By adopting safer technologies, chemical  facilities can achieve a number of benefits.  

For example:    

  • Safety and security reliability. Hazard  reduction makes chemical and industrial  processes inherently safer by reducing or  eliminating the use of highly toxic,  volatile, or flammable chemicals or by  limiting the quantity of these substances  used or stored on-site.  From a security  perspective, eliminating the source of the  threat can make facilities less attractive  targets for terrorists.     
  • Improved environmental performance.  In addition to safety and security benefits,  safer technologies also can improve  environmental performance at chemical  facilities.  Using hazardous chemicals in  production and manufacturing processes  often results in toxic byproducts or  pollution.  For example, chlorine-based  pulp and paper bleaching processes  generate dioxins and furans.  Chlorinefree technologies eliminate these toxic  pollutants by taking chlorine out of the  equation.     

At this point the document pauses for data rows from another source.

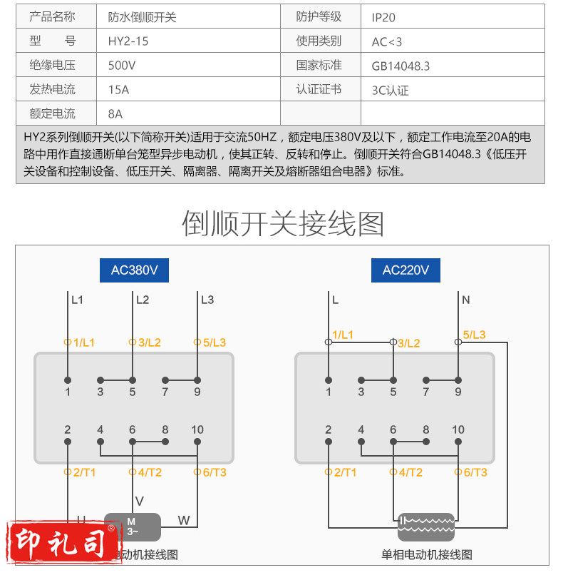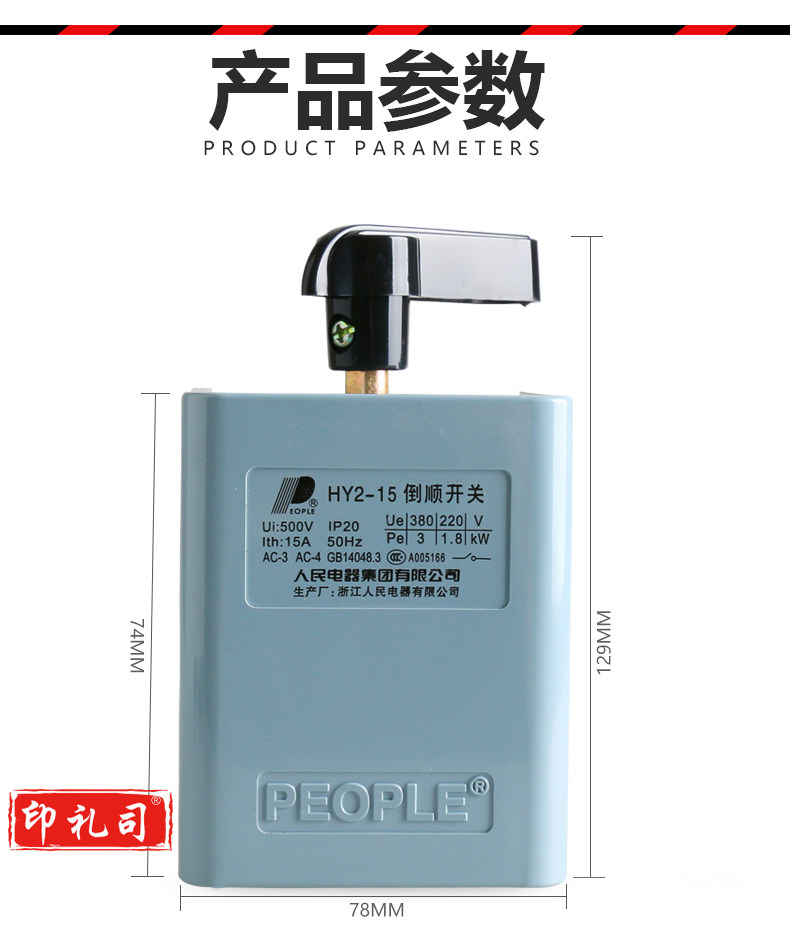 人民电器 倒顺开关 HY2-15A 正反转开关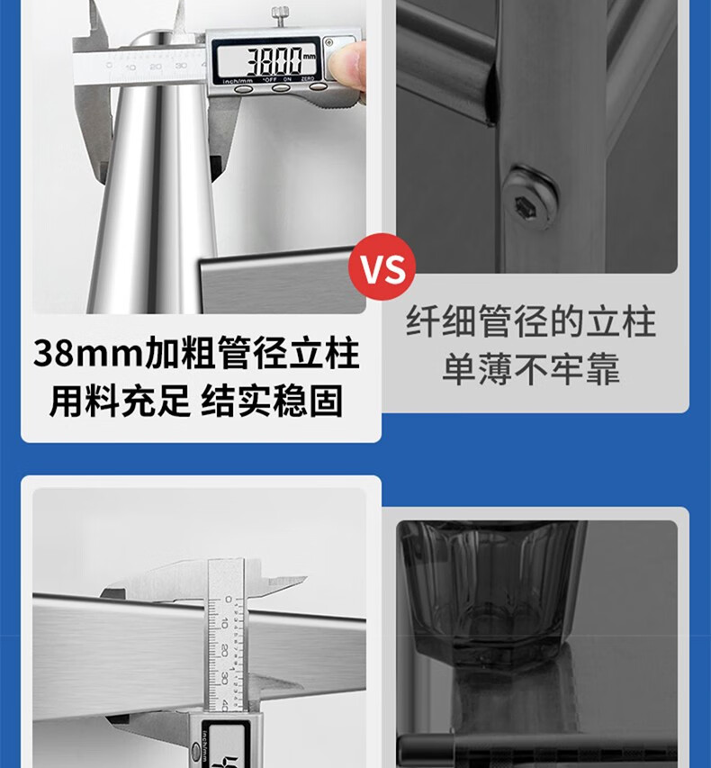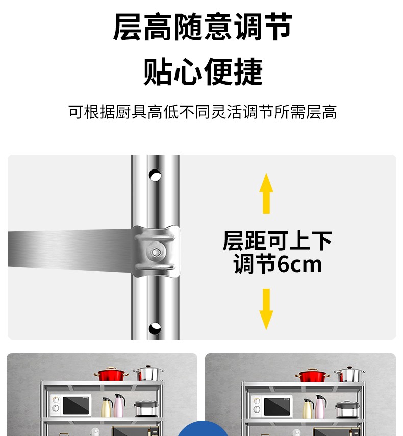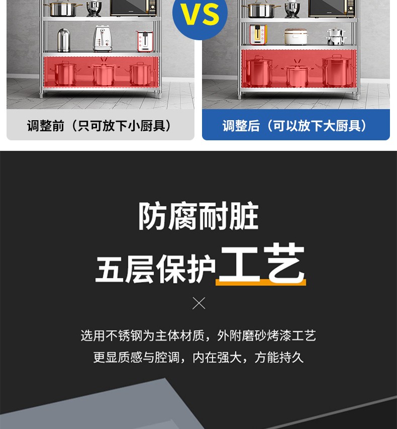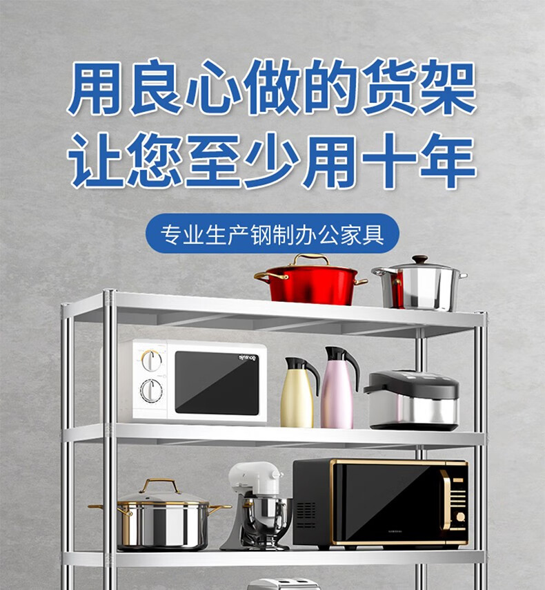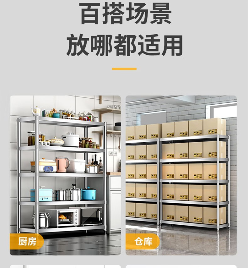 包装清单:1合恒工品不锈钢货架置物架不锈钢货架家用层架厨房收纳架落地多层架子储物架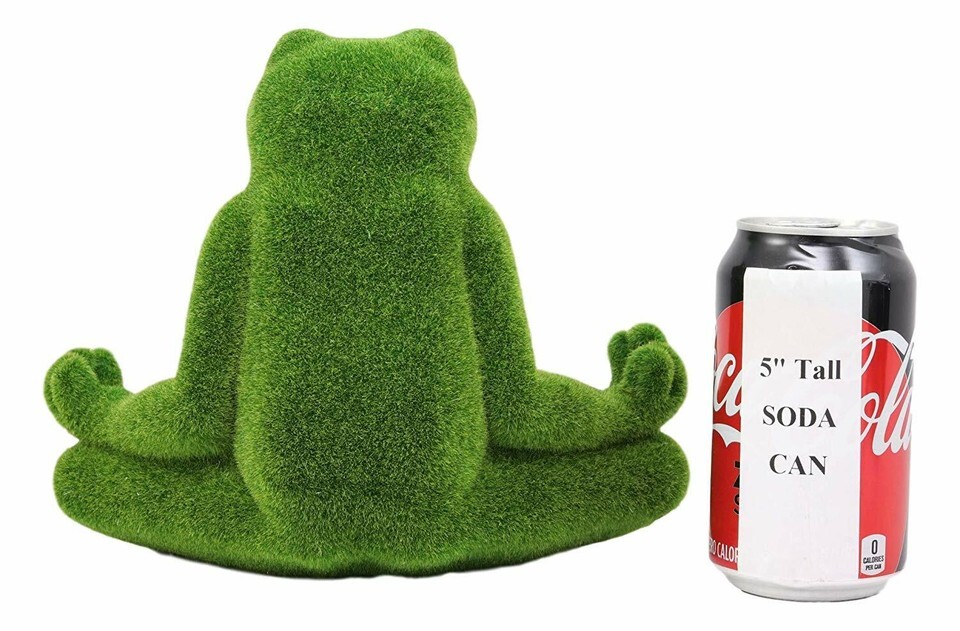 Whimsical Meditating Yoga Frog Garden Statue In Flocked Artificial Moss Finish

  • Operating cost savings.  Although  switching to safer technologies may  require an initial capital investment, these  technologies can offset recurring  operating costs.  For example, pulp and  paper mills that eliminate the use of  chlorine or chlorine dioxide can achieve  significant cost savings associated with  pollution control, workplace safety  requirements, emergency response,  employee training, security costs, and  safety equipment.  In the long-term,  avoiding or reducing these annually  recurring costs can save facilities money.